[MATERIAL SUPPLIED — start]

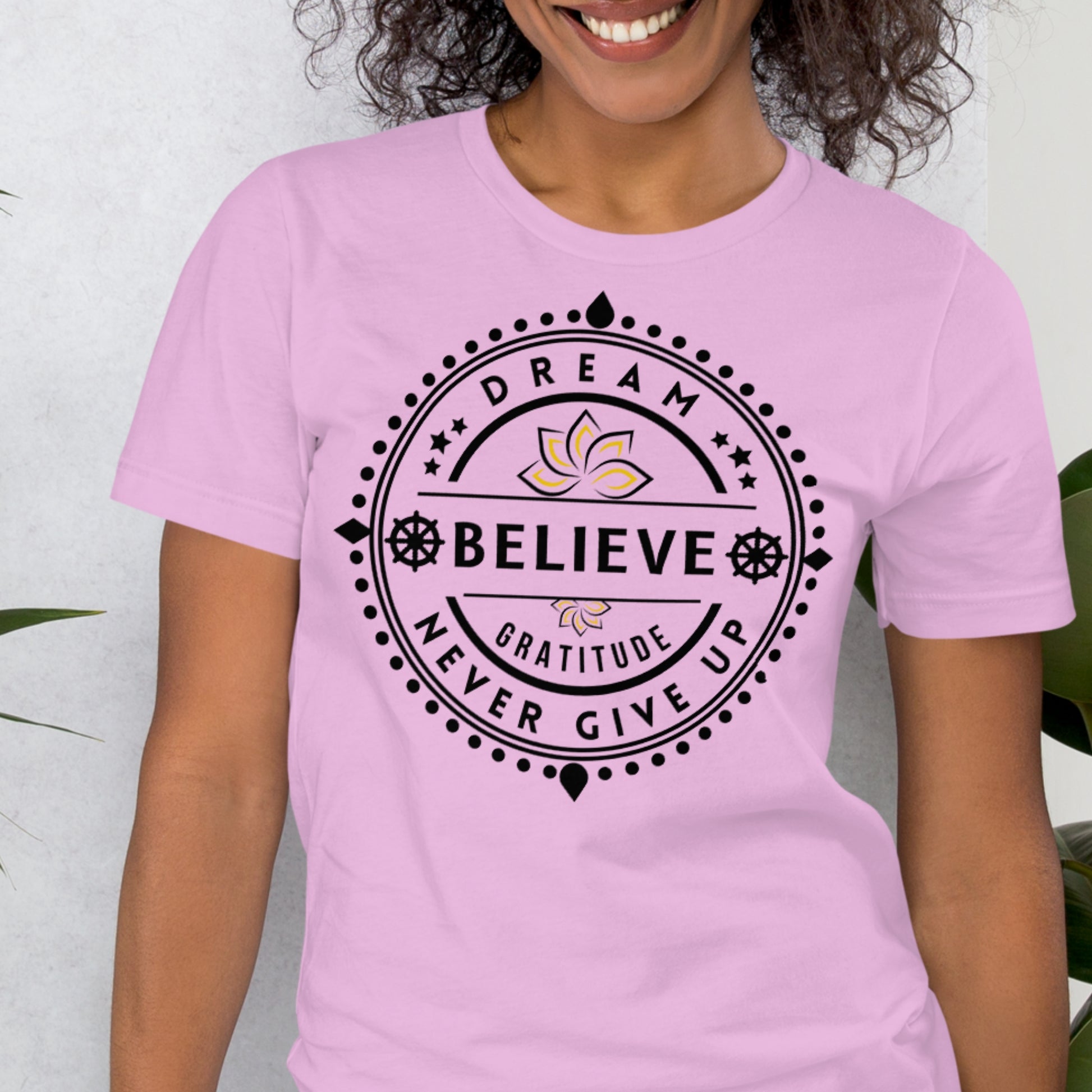 Elevate your daily wardrobe with our "Mindful Living with Attitude T-shirt" – a statement piece that's more than just clothing. Each shirt is a testament to the power of positive thinking, featuring a thoughtfully designed emblem that represents the core values of Dream, Believe, Gratitude, and Perseverance.
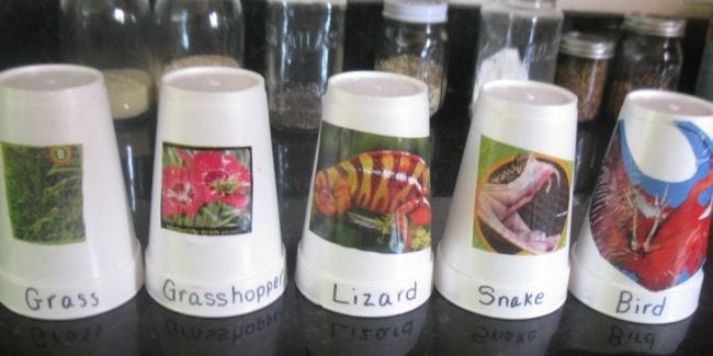 There are few things kids love more than snacks. Create scrumptious five-part food chains with things kids love to eat. You can use a yellow potato chip for the sun, pretzel sticks for grass, a bunny cracker or goldfish cracker for an herbivore, a teddy graham for the carnivore, and chocolate cookie crumbs for the decomposer to represent dirt. You’re definitely going to want to have extra goodies on hand since kids will want to taste it all!
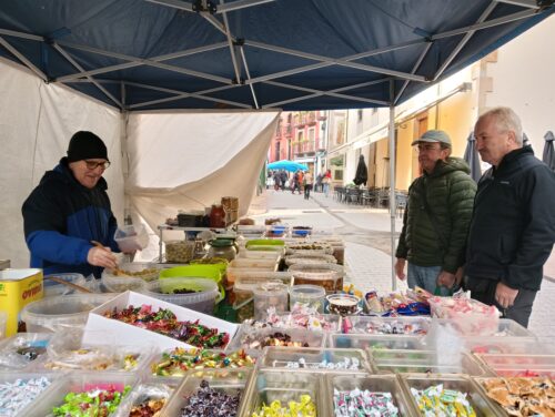 Gaur ere izan da kanpoko jendea feria bisitatzen. D’elikatuz zentroko arduradunen eskutik, Basque Culinary Centerreko ikasle talde bat, eta Bizkaiko Barakaldoko Lanbide Heziketa Zentroko beste talde bat, 27 lagunekoa, ibili dira Plaza Nagusian postuz postu.
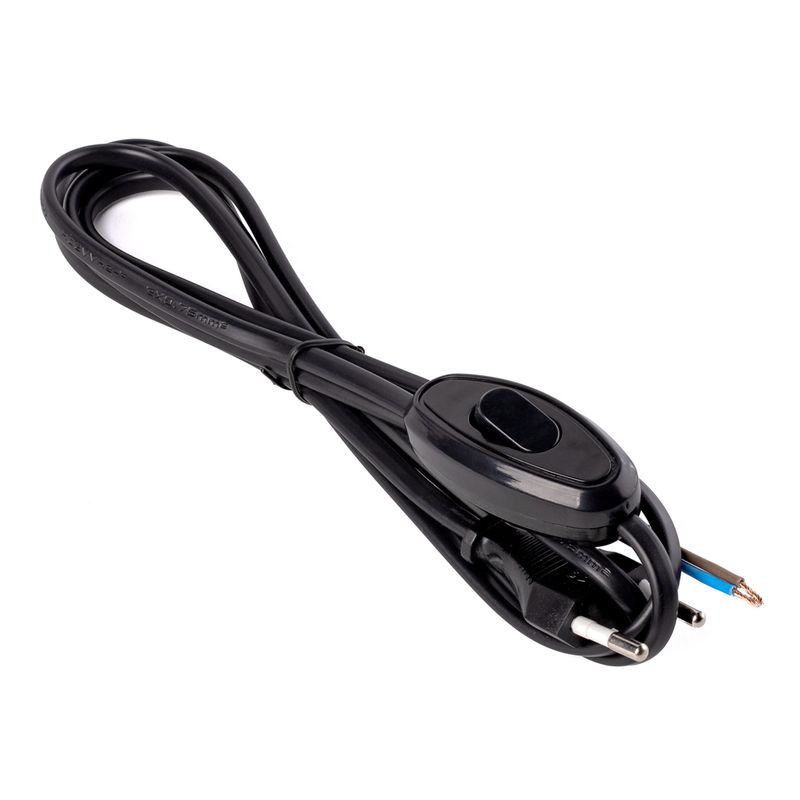 Шнур с плоской вилкой и проходным выключателем. Используется для подключения бытовых электроприборов. Длина шнура 1,7 метра. Провод ШВВП 2х0,75 мм2. Максимальная нагрузка 1500 Вт. Технические характеристики
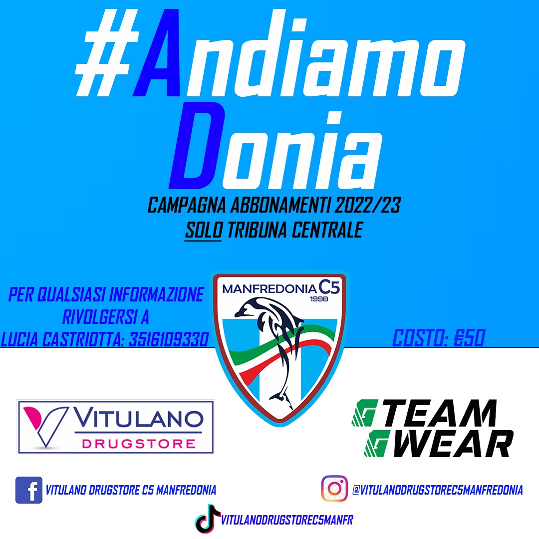 In vista della prima partita casalinga, sabato 1 ottobre al PalaScaloria di Manfredonia contro il Gear Siaz Piazza Armerina, il Vitulano Drugstore C5 Manfredonia comincia la sua campagna abbonamenti per la stagione 2022/23, riservata esclusivamente alla tribuna centrale del palazzetto.
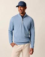 This quarter-zip pullover is crafted with moisture-wicking technology to keep you cool and dry during your game. The johnnie-O signature leather pull tab and raised embroidered surfer logo add distinctive style elements to this piece.
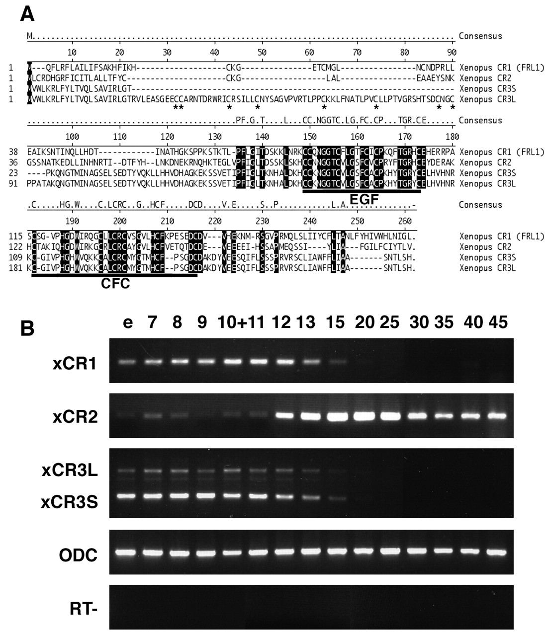 Fig. 1. Comparison of amino acid sequences and temporal expression patterns of Xenopus EGF-CFC factors. (A) Comparison of the amino acid sequences of Xenopus EGF-CFC proteins (XCR1, XCR2, XCR3S and XCR3L). XCR3L has a 72 amino acid insertion following the signal sequence of XCR3S. Dash indicates no amino acid present. Identical residues are shadowed. Conserved EGF-like domains and CFC domains are underlined. Cysteine residues in the additional 72 amino acids of XCR3L are indicated by asterisks. (B) Temporal expression patterns of Xenopus EGF-CFC genes (XCR1, XCR2, XCR3S and XCR3L) detected by RT-PCR. RNA was extracted from embryos at the stages indicated over each lane. XCR3S (lower band) and XCR3L (upper band) were detected using a set of primers designed to span the insert region. Both bands showed a similar temporal expression pattern. e, un-fertilized egg; RT-, RT-PCR reaction without reverse transcriptase. |
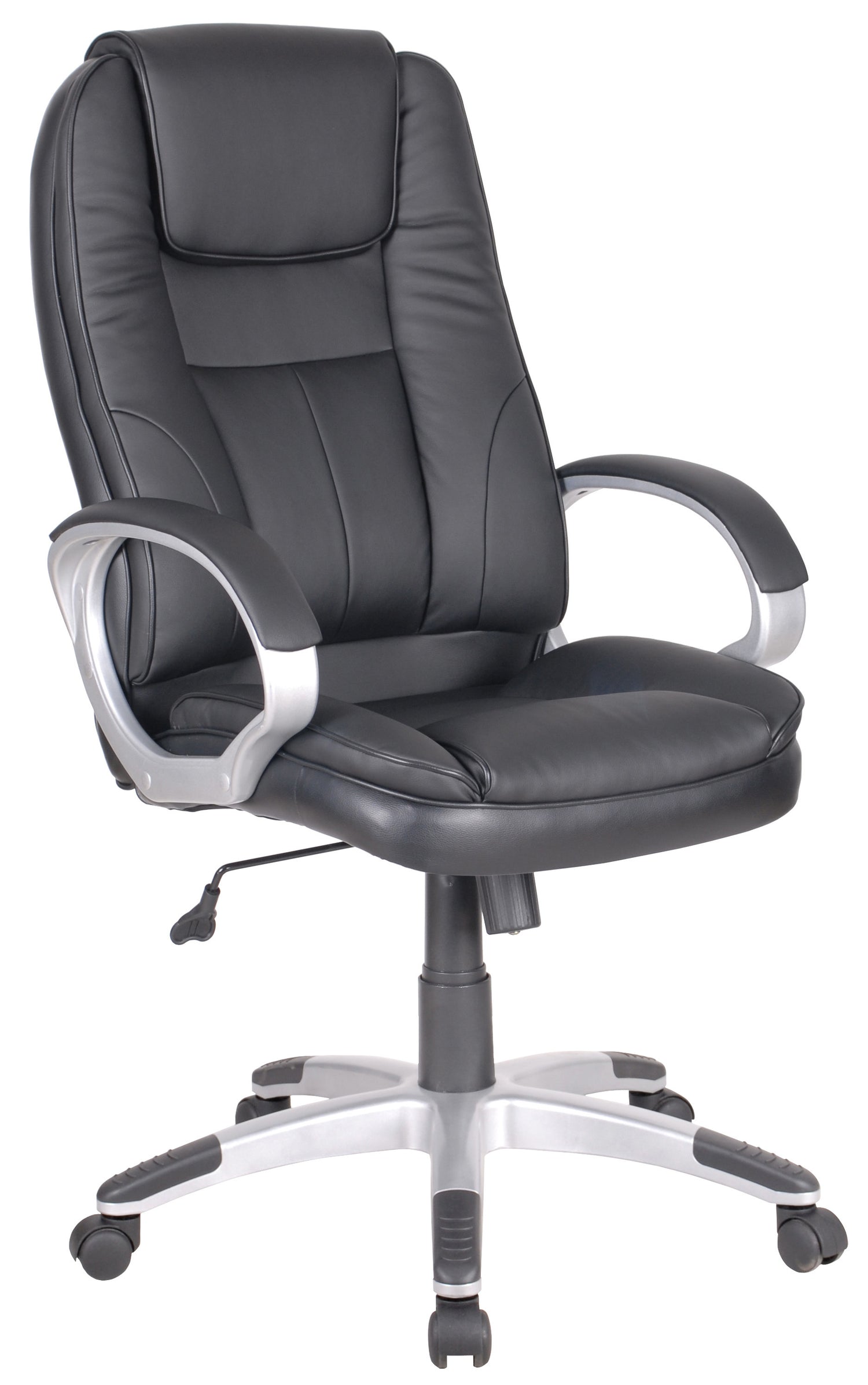 Elegante poltrona direzionale imbottita Mod. 1426 dotata di ampia seduta e di schienale ergonomico reclinabile in PU e braccioli. Meccanismo oscillante con cui lo schienale può essere bloccato in posizione verticale o inclinato. Pistone con elevazione a gas permette la regolazione dell'altezza della seduta soddisfacendo qualsiasi tipo di esigenza. La base in nylon a cinque razze garantisce un eccellente stabilità alla sedia e le ruote antigraffio permettono un facile spostamento di quest'ultima su qualsiasi tipo di pavimento. Da montare. Colore nero.
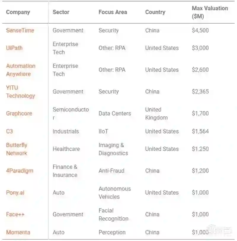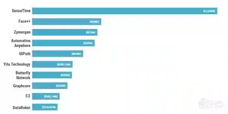 其他的一些公司,如SenseTime和Graphcore,估值已超过10美元。并且名单上共有11家公司是独角兽(估值10亿美元以上的私人公司)。
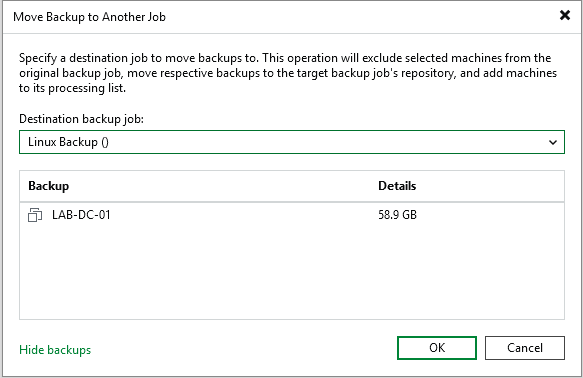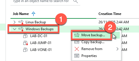Having the ability to move a VM between jobs, moving workloads and their backups to another backup job can be helpful if you want to separate one backup job into multiple backup jobs or if you want to change backup settings for specific workloads. Also, you want to continue the existing backup chains for the workloads.
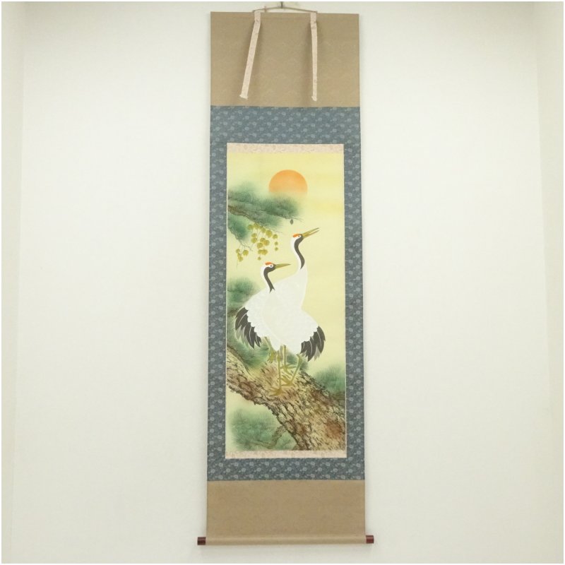 道信筆 松上双鶴 肉筆絹本掛軸(共箱) [01-250725c-072a]

[MATERIAL SUPPLIED — finish]

=== WHAT IS BEING ASKED ===
Restate the lines above from the one containing "Gaur ere izan" through the one containing "Шнур с плоской", inclusive, exactly and without pictures.

=== EXPECTED OUTPUT ===
 Gaur ere izan da kanpoko jendea feria bisitatzen. D’elikatuz zentroko arduradunen eskutik, Basque Culinary Centerreko ikasle talde bat, eta Bizkaiko Barakaldoko Lanbide Heziketa Zentroko beste talde bat, 27 lagunekoa, ibili dira Plaza Nagusian postuz postu.
 Шнур с плоской вилкой и проходным выключателем. Используется для подключения бытовых электроприборов. Длина шнура 1,7 метра. Провод ШВВП 2х0,75 мм2. Максимальная нагрузка 1500 Вт. Технические характеристики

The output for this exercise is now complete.